38. Arrêt du 25 mai 1993 dans la cause U. contre Caisse cantonale
neuchâteloise de compensation et Tribunal administratif du canton de
Neuchâtel Regeste

    Art. 3 Abs. 1 lit. b und f ELG: Anrechnung von hypothetischen
Zinserträgen im Hinblick auf den Rückkaufswert einer Lebensversicherung
bei der Berechnung der Ergänzungsleistung.

    - Diese Zinserträge werden erst beim Verfall des Versicherungsvertrages
bezogen; während der Vertragsdauer sind sie daher beim anrechenbaren
Einkommen nicht als Ertrag aus beweglichem Vermögen (Art. 3 Abs. 1 lit. b
ELG) zu berücksichtigen (E. 4a).

    - Die Nichterhebung von Zinsen während der Vertragsdauer stellt keinen
Verzichtstatbestand im Sinne von Art. 3 Abs. 1 lit. f dar (E. 4b).

    Art. 3 Abs. 2 ELG: Berücksichtigung von Arbeitslosenentschädigung
bei der Berechnung der Ergänzungsleistung.

    Privilegiertes Einkommen im Sinne von Art. 3 Abs. 2 ELG (in der ab
1. Januar 1987 gültigen Fassung) ist nur Erwerbseinkommen. Die Leistungen
der Arbeitslosenversicherung sind wie die Leistungen anderer Versicherungen
voll anzurechnen (Änderung der Rechtsprechung vor dem 1. Januar 1987
betreffend Taggelder der Krankenkasse; E. 3).

Sachverhalt

    A.- Astrid U. bénéficie d'une demi-rente de l'assurance-invalidité
depuis le 1er juin 1987 et de prestations complémentaires depuis le 1er
juin 1988.

    Au mois de juin 1992, la Caisse cantonale neuchâteloise de compensation
(ci-après: la caisse) apprit qu'un changement était intervenu dans
la situation économique de son assurée: cette dernière n'exerçait
plus d'activité lucrative et percevait des indemnités journalières de
l'assurance-chômage pour un montant de 12'460 francs par an.

    La caisse procéda alors à une révision du cas et, par décision du 26
juin 1992, elle réduisit le montant mensuel de la prestation complémentaire
de 830 à 566 francs, avec effet au 1er juillet suivant. Dans le calcul
du revenu annuel déterminant, la caisse prit en considération le montant
total des indemnités de chômage, conformément aux directives édictées à
ce sujet par l'Office fédéral des assurances sociales (ci-après: l'OFAS);
à ce montant, elle ajouta, au titre de revenu de la fortune mobilière, une
somme de 263 francs correspondant au rendement hypothétique de la valeur de
rachat - 5'000 francs - d'une assurance sur la vie souscrite par l'assurée.

    B.- Astrid U. recourut contre cette décision devant le Tribunal
administratif du canton de Neuchâtel. Elle conclut à l'annulation de
ladite décision; mettant en doute la légalité des directives précitées,
elle fit valoir que les indemnités de chômage ne devaient être comprises
dans le revenu déterminant qu'à raison des deux tiers, soit dans la même
mesure que le salaire. Elle contesta en outre la prise en compte d'un
intérêt hypothétique de la valeur de rachat de son assurance-vie.

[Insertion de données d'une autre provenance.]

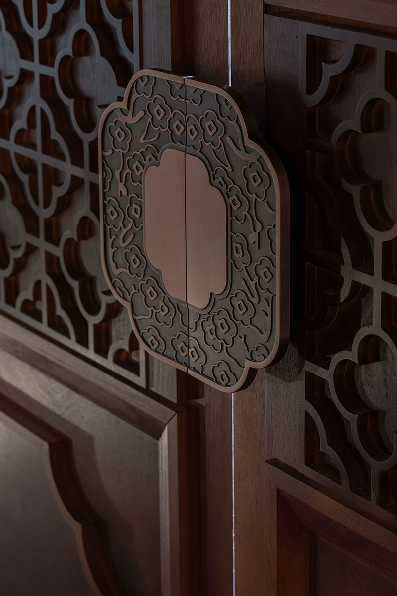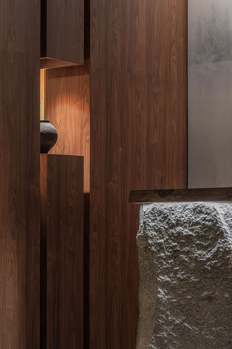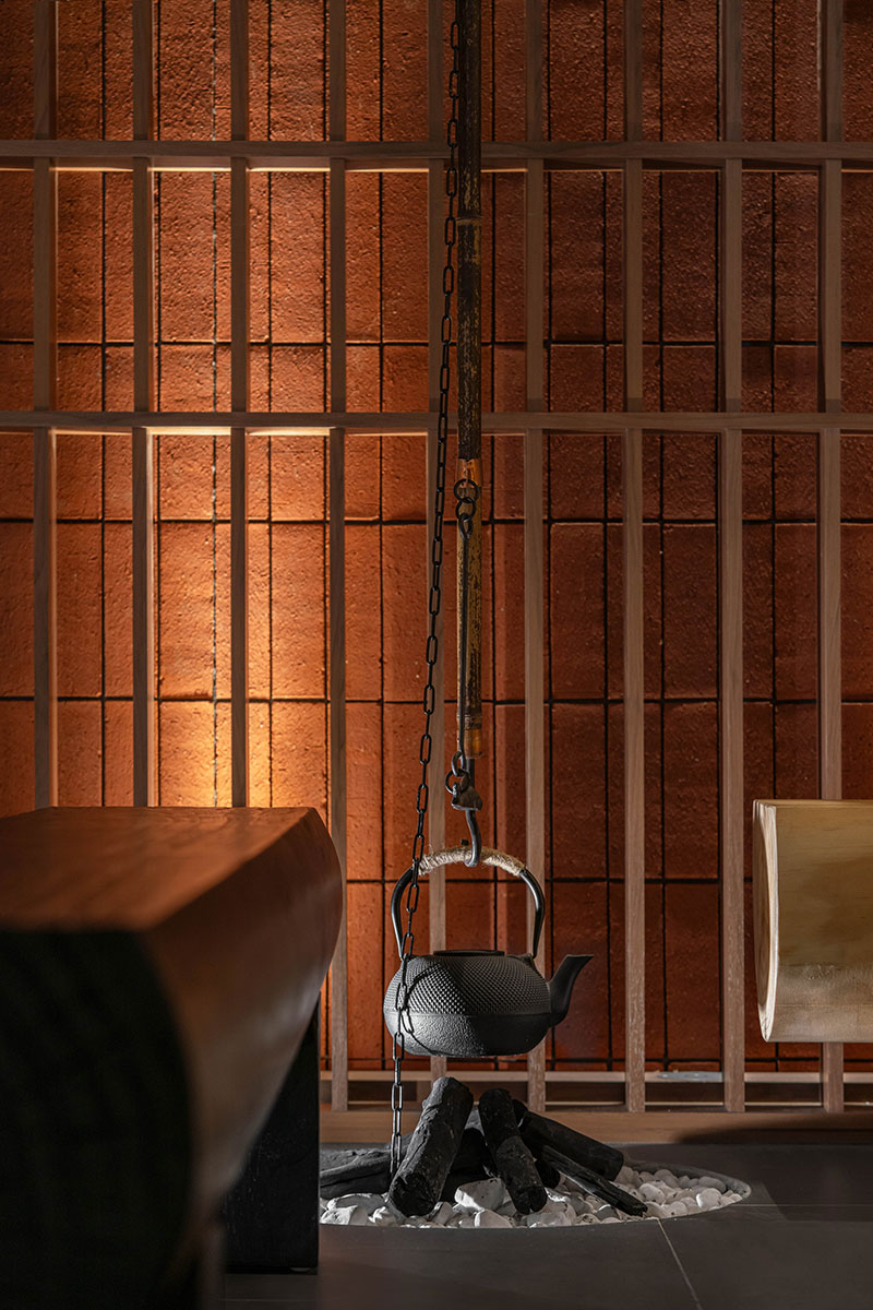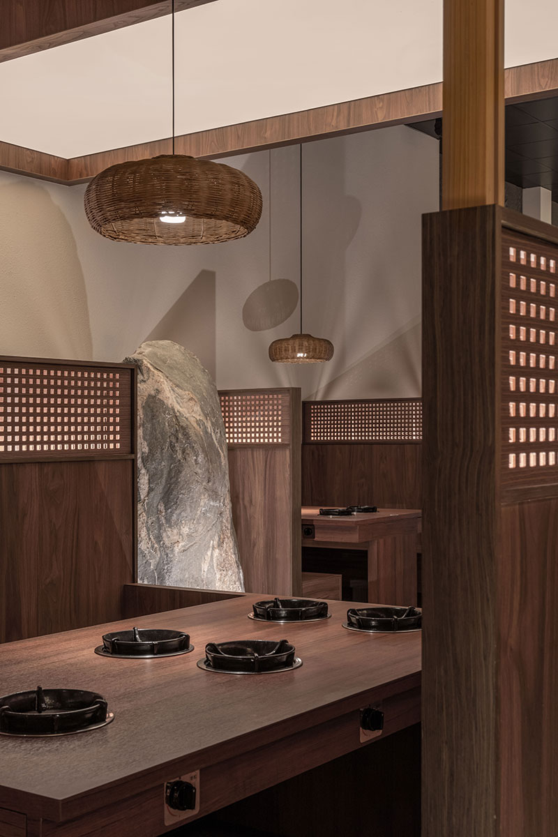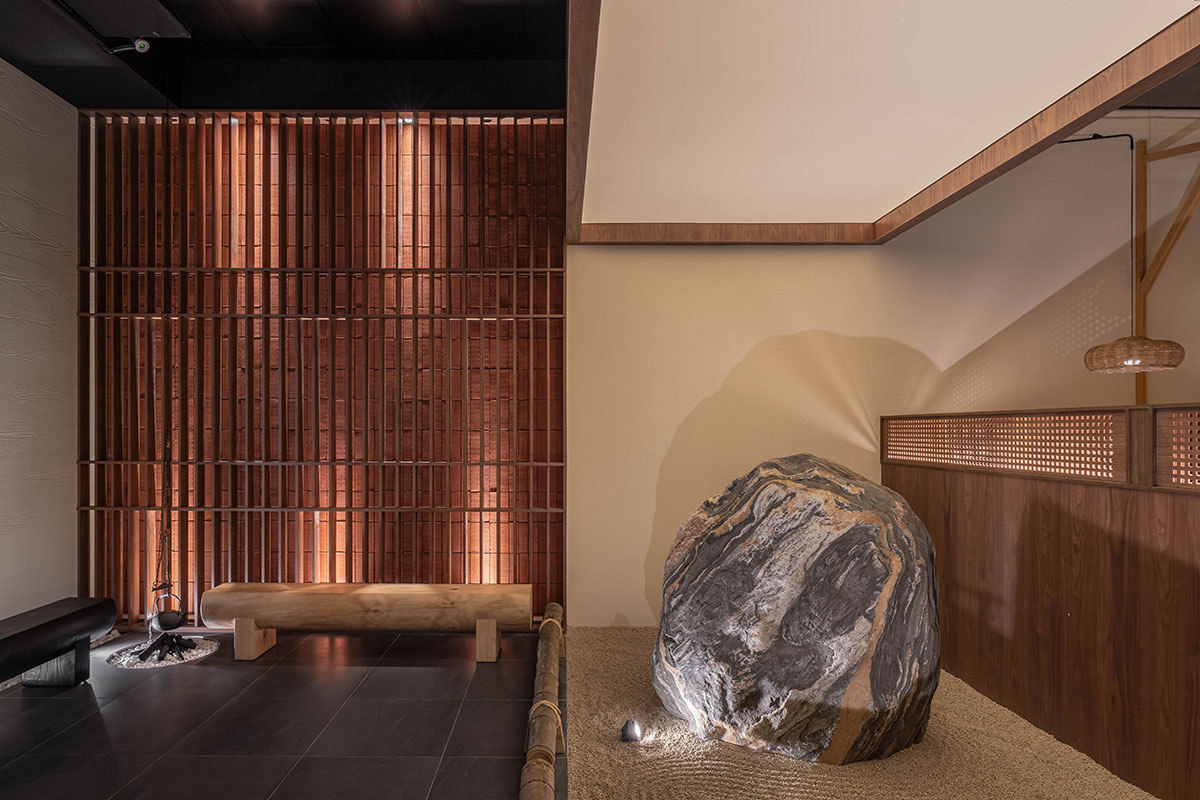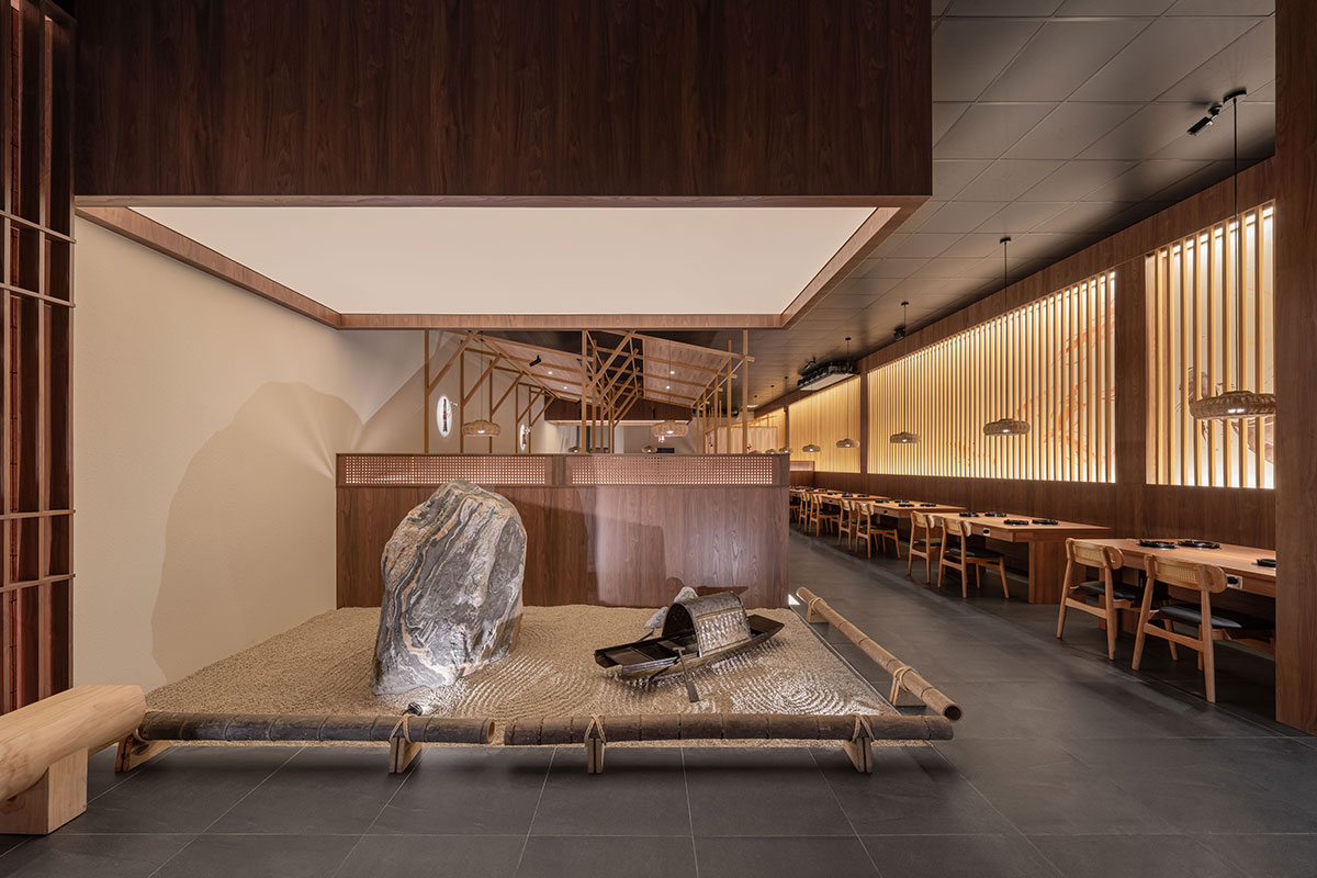 空間主結構採用大量木格柵,延展出清晰的節奏感與水平軸線,搭配手感質材與局部留白,讓每位來客都能沉浸於純粹與放鬆的食事時光。入口處的枯山水裝置由實體大石與仿古小舟組構,傳遞「靜觀自然、品味日常」的價值。

    Par jugement du 1er octobre 1992, la juridiction cantonale rejeta
le recours.

    C.- Astrid U. interjette recours de droit administratif contre ce
jugement, dont elle demande l'annulation. Son argumentation sera exposée
dans le corps de l'arrêt, pour autant que de besoin.

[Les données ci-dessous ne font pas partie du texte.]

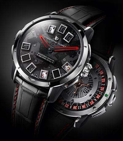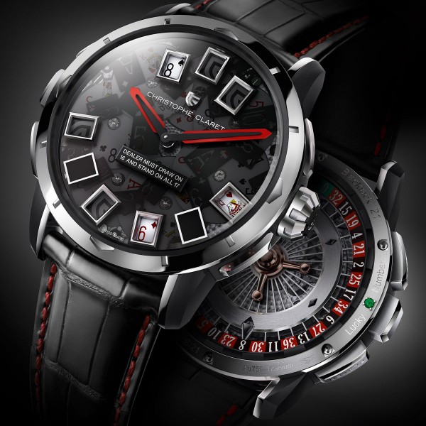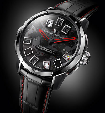 手表制作大师Christophe Claret推出了他最新的奢华腕表设计作品:21黑杰克手表(二十一点),21黑杰克不单单是一只手表,还是一个可为富人所享用的高级奢侈品玩具,集合了赌场中常见的三种游戏项目:二十一点,轮盘及骰子游戏。表盘上,红色指针指示时间,一切都看似平凡无奇,但它那些外加的功能使得这个手表能够轻易的脱颖而出。
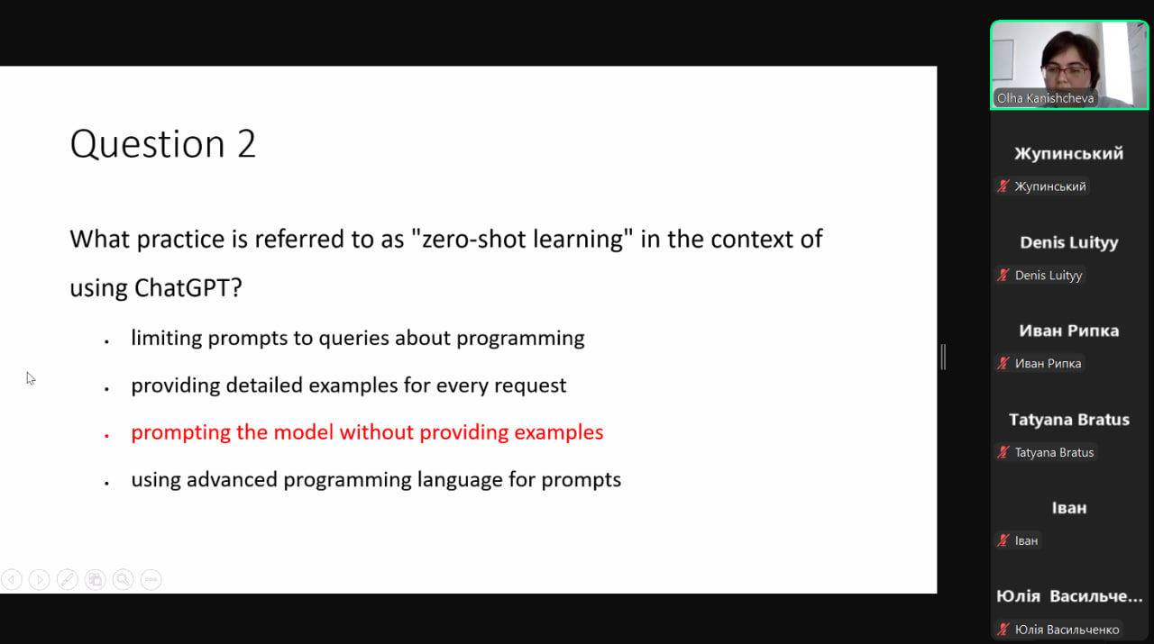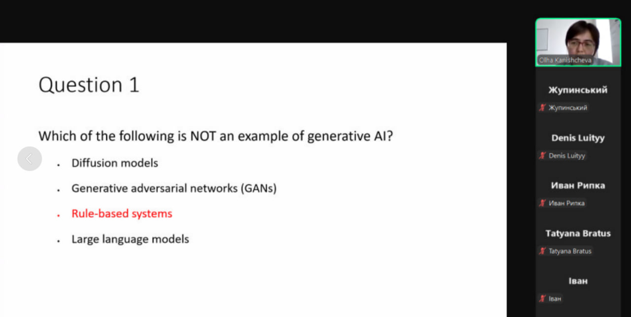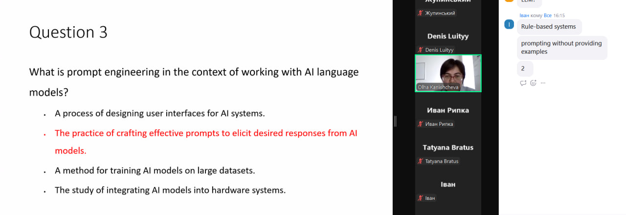 10 червня 2024 р. у рамках курсу «Використання методів машинного навчання в задачах обробки природної мови» відбулася лекція для студентів-магістрів очного та заочного відділення кафедри інтелектуальних комп’ютерних систем, проведена запрошеним експертом (стейкхолдером) на тему: «Prompt Engineering Course: Introduction to Gen AI and Prompt Engineering».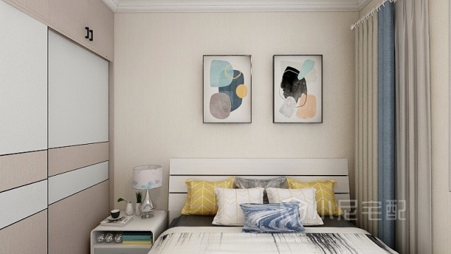次臥室因空間較小,所以采用推拉衣柜,配合平板床頭,顯得緊湊自然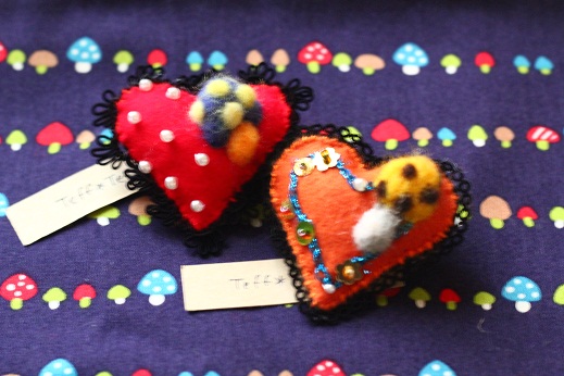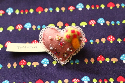 ハートブローチにキノコが。

    La caisse conclut au rejet du recours tandis que l'OFAS en propose
l'admission partielle: il estime qu'il ne doit pas être tenu compte d'un
intérêt hypothétique de la valeur de rachat de l'assurance-vie.

Auszug aus den Erwägungen:

                     Considérant en droit:

Erwägung 1

    1.- a) Aux termes de l'art. 3 al. 1 LPC, le revenu déterminant pour les
prestations complémentaires comprend notamment les ressources en espèces
ou en nature provenant de l'exercice d'une activité lucrative (let. a),
le produit de la fortune mobilière et immobilière ainsi qu'une part de la
fortune nette dans la mesure où elle dépasse certaines limites (let. b),
les rentes, pensions et autres prestations périodiques (let. c), les
ressources et parts de fortune dont un ayant droit se dessaisit (let. f).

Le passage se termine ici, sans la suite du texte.